StrawBerry KingDome

A Land Of Sweetness And Sourness...Sometimes with Bitterness....The Exact Land that a Human Walks.... -all in all....I LOVE STRAWBERRY...hehe- ~to know me better, its to know me tru my blog~

Sunday, November 02, 2008

Diagnosis

Yes.
My family had spent RM 2K to fetch my grandpa back all the way from SP (not sunway piramid, duh, its Sungai Petani)
In case ur geography is THAT bad...Sungai Petani is actually in Kedah...

So, we rented an Ambulans, brought him back...
Sent him to Hosp Sungai Buloh (very good and new Hosp)
And we brought grey hairs to quite a num of doctors....
Lolz.
No one found anything....
Everything is normal.
Even the BP is Text Book figure 120/80 (i wonder how he acheived that)

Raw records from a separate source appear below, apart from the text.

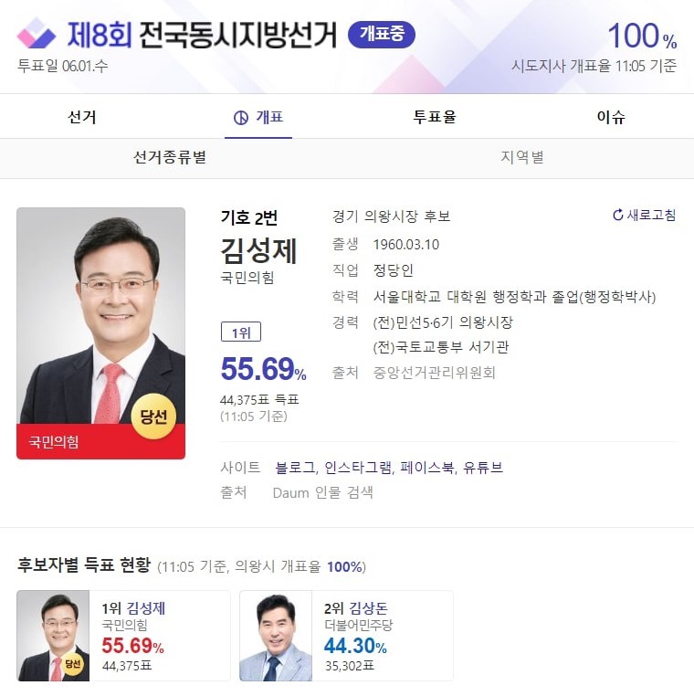 [세계타임즈 백진욱 기자] 국민의 힘 김성제 후보가 제 8회 전국동시지방선거에서 경기 의왕시장으로 당선됐다.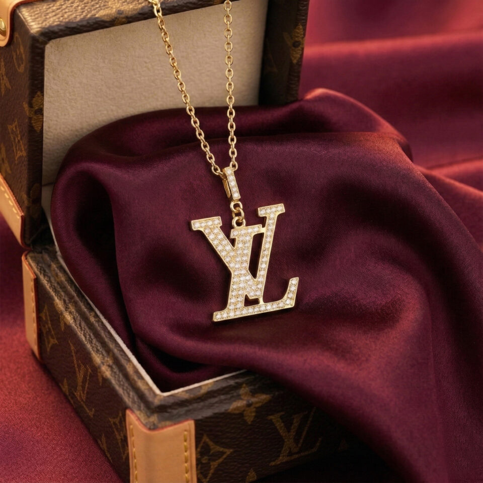 Unisex LV Large Pendant Necklace, Gold Filled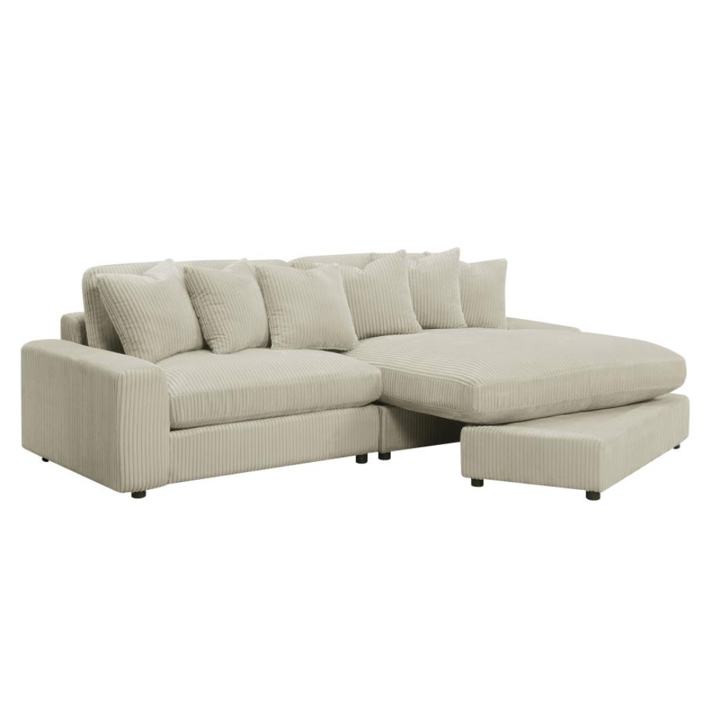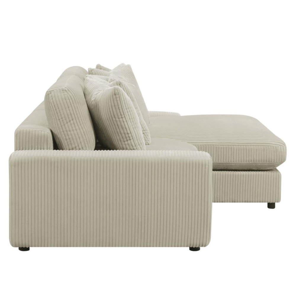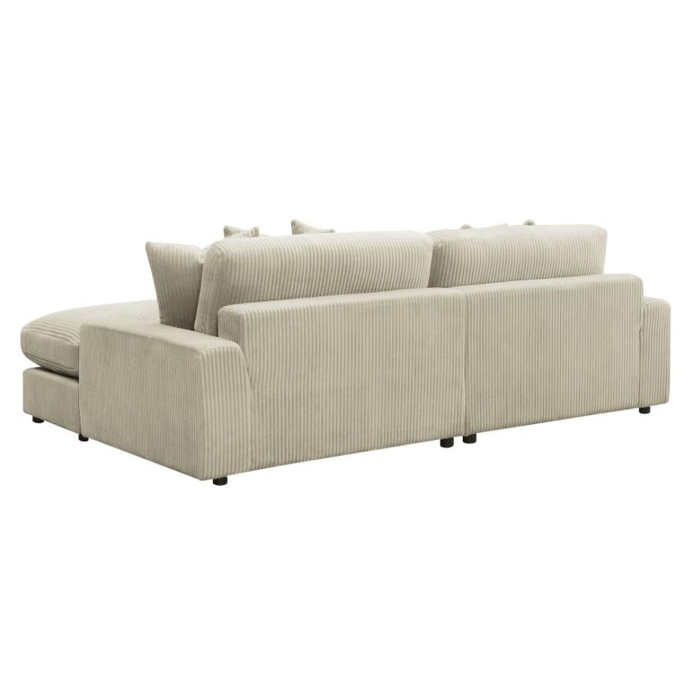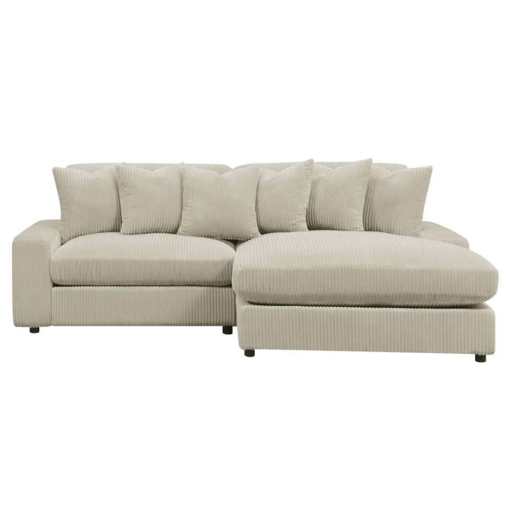 Bring retro-inspired elegance to your contemporary seating environment with this modern reversible sofa and oversized chaise. Upholstered in vintage-like wide corduroy fabric, it offers a soft texture in elegant fog or sand tones. The two-piece design features reversible cushions, wide track arms, black legs, and non-slip grips for stability. Experience endless comfort with premium down-like filled cushions and pillows.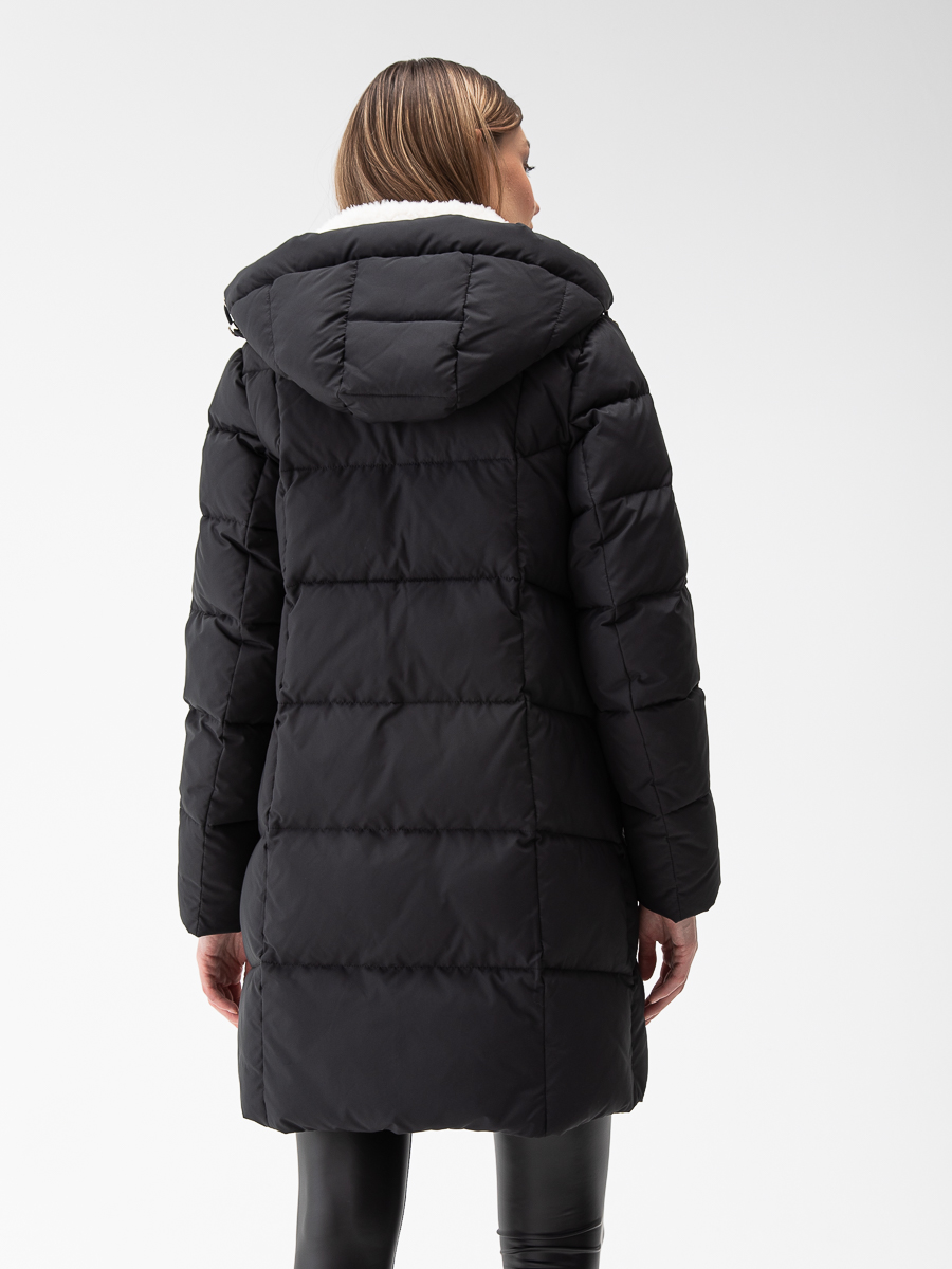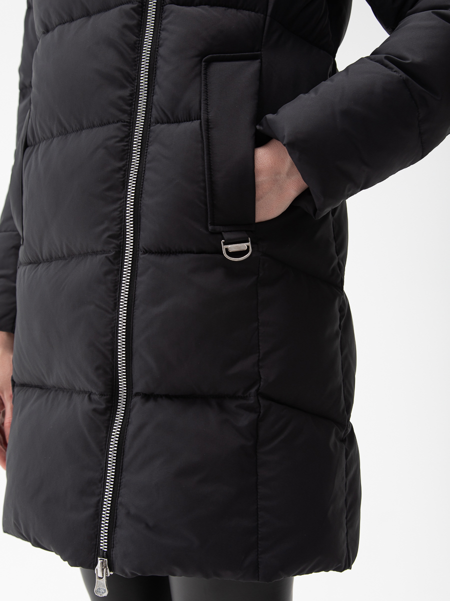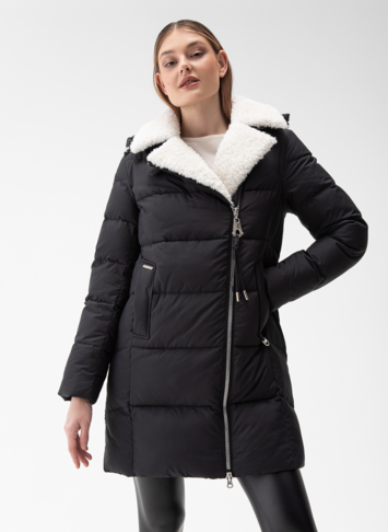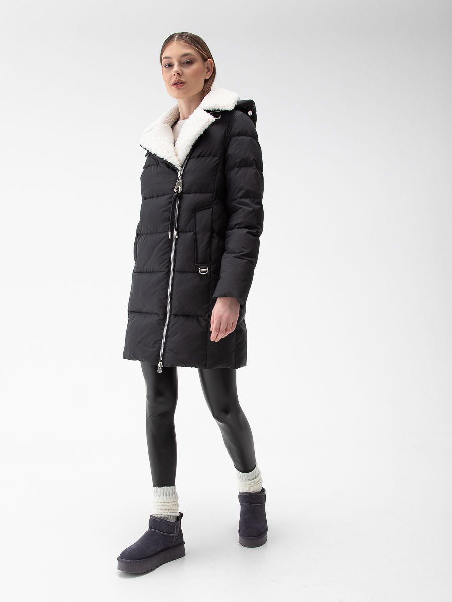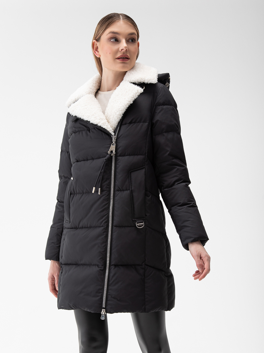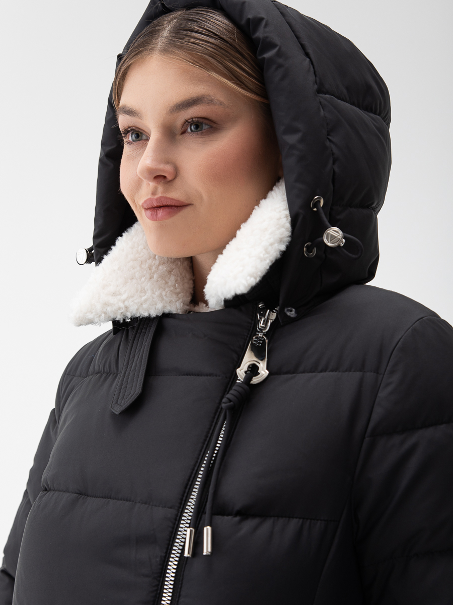 Крой воротника - съёмный капюшон, отделка эко мех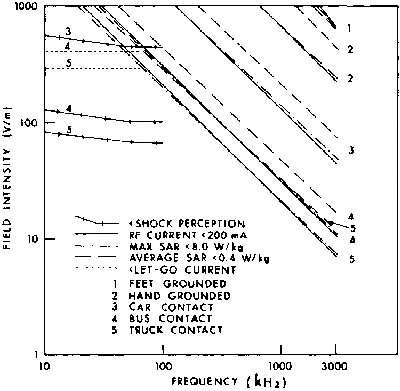 man exposed to 1-kv/m VLF-MF fields in free space (Guy and Chou, 1982).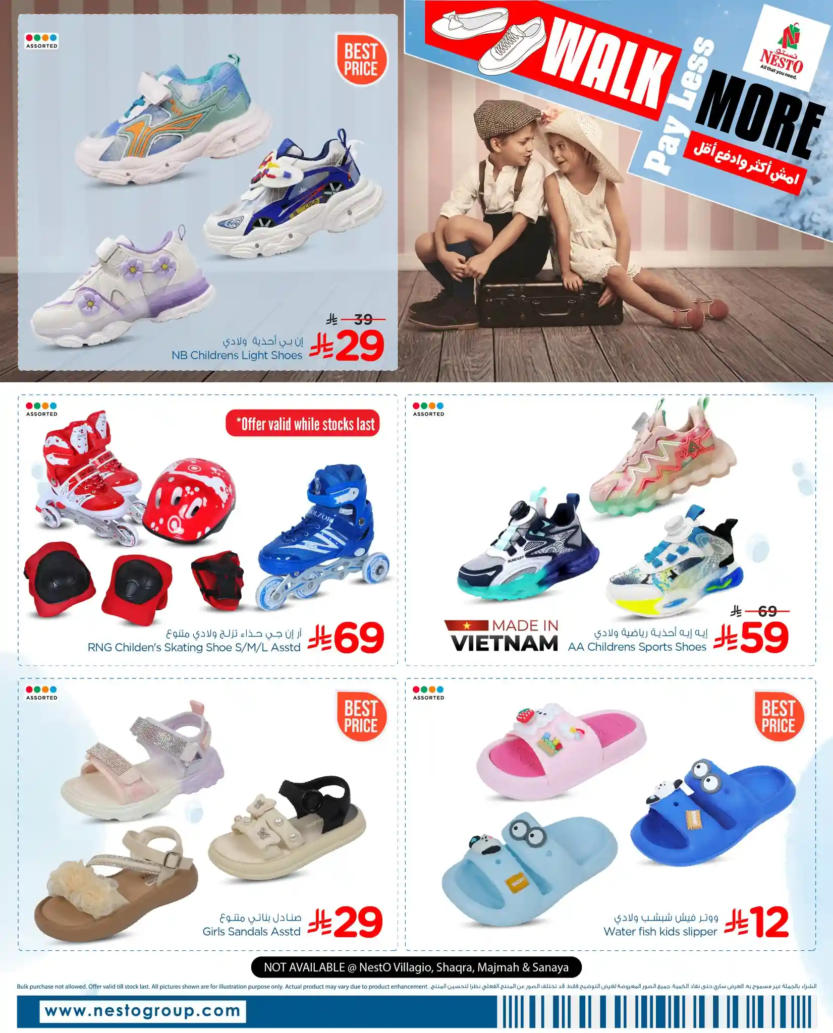 عروض نستو الرياض سارية من 11 يناير حتى 27 يناير 2026 خصومات احذية الاطفال فى فروع نستو الرياض و نستو البطحاء و نستو العزيزية و نستو المدينة الصناعية و نستو الملز و نستو الرس و نستو شقراء و نستو المجمعة و نستو فيلاجيو مول و نستو بريدة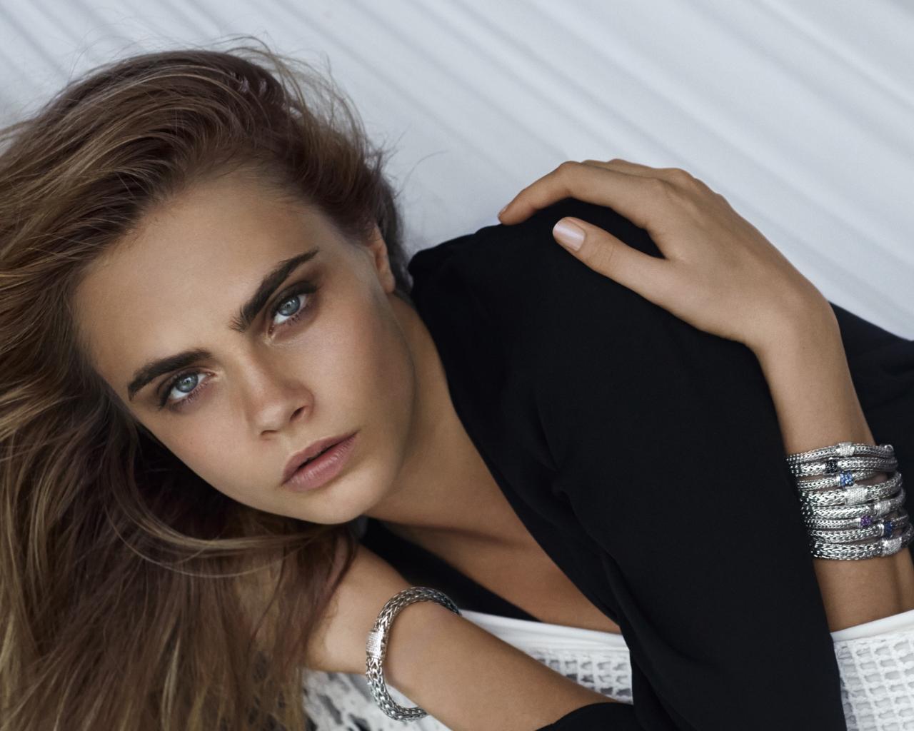 Обои Красивая девушка актриса, модель Кара Делевинь с браслетами на руках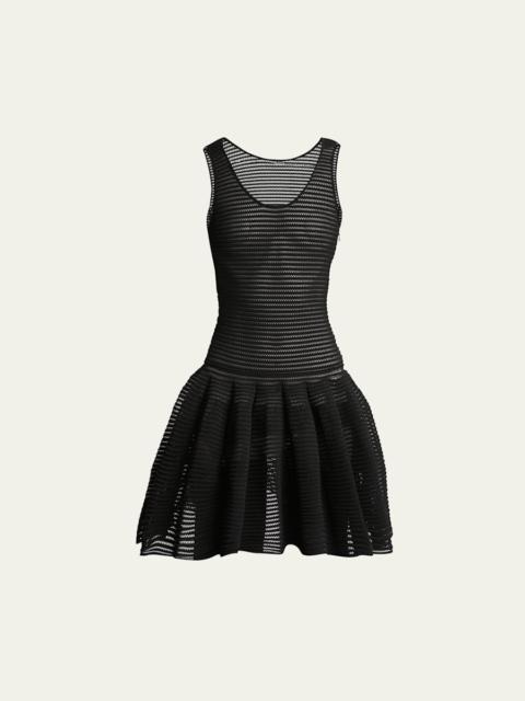 Metallic Openwork Cotton Rib Crewneck Sweater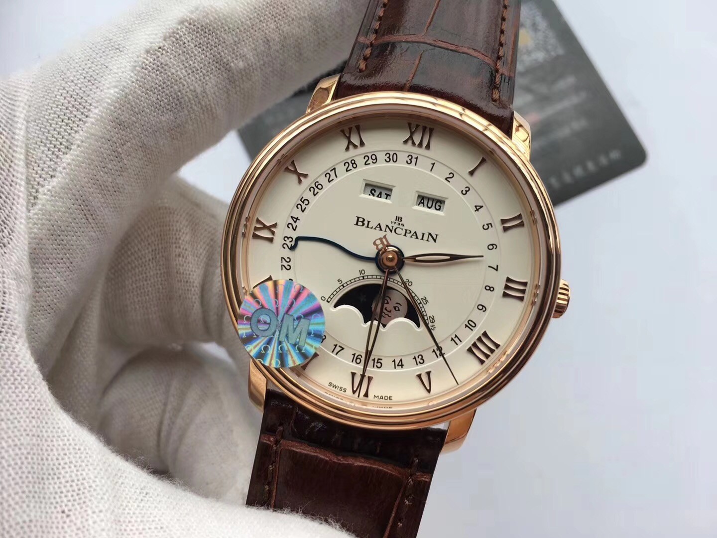 News Release: Major Breakthrough in the Counterfeit Watch Industry. OM Factory New Product Preview: Blancpain Villeret Classic Series 6654 with Moon Phase Display. This is the highest-end watch on the market. Developed over 20 months, this watch features a custom-made 6654 movement, featuring authentic date, day, month, and moon phase displays. Its functionality and appearance are identical to the original. 40mm diameter.
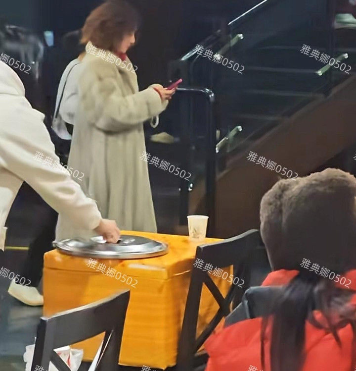 马伊琍穿着大红色的羊绒衫,和大红色的毛领呢子大衣,染着黄色的泡面头,腰上扎着腰带扣超大特别夸张的皮带,她站在酒席场地的中间,旁边站的分别是新郎新娘,她对着镜头浅浅微笑,但气场却非常强大。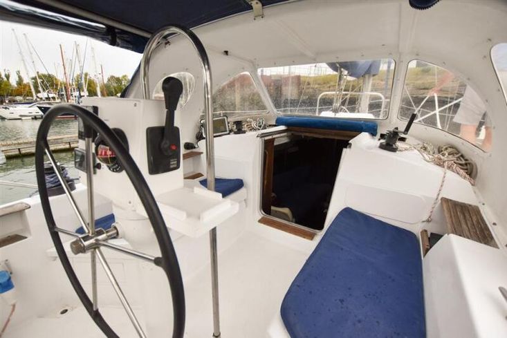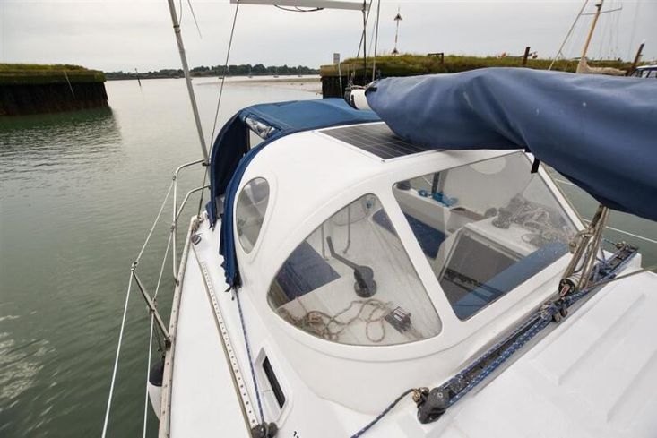 Built by Hunter Boats (USA) in 1983. White grp hull with blue style stripe. White grp coachroof with painted non skid decks. Cast iron fin keel (extended aft for ocean use). Wheel steering to spade rudder. Self draining cockpit and anchor well. Stainless steel safety rails. Teak coachroof hand rails. Alloy toe rails. Last surveyed in 2005.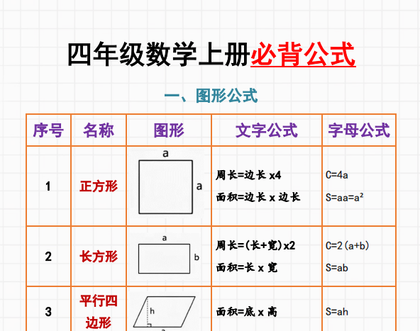 【小学数学】25秋四年级(上)数学必背公式图形版

Now, the diagnosis is out...
finally...
A female doctor found it (a tick to Female!! hehe)
A bad prognosis esp with his old age.....extreme old age if u want me to specify.

-Sigh-


I must blame myself
Why i had not suspected anything?
When he aren't able to eat..
When he vomited.
All these are signs
They are so clear
Right infront of my eyes
Using CCB words,
They are crying :" pick me pick me, i am the correct diagnosis"
Esp with pain when i palpate his stomach
Yet i did not picked them up

I am such an asshole
I am such a failure

I need to learn....

Nothing can be done now...
Except to wait...
for a funeral to proceed.

I Am sorry....
If i ever said i hate you
I am sorry
If i ever treated u badly
I am sorry
Sincerely sorry
A late sorry
I know,

Somehow, all the hatred cancels off each other.
I have no idea why..
and Is too tired to think why...

I think im going to bed
Bed is the only place where i feel happiness surrounding me
In my dream
I am what i want to be
I am what i think i must be
I am Happy to the very least

p/s: No, im fine, please do not start calling me. I am fine. Sometimes, i just want to be alone...let me think of all my sins.....let me be all by myself.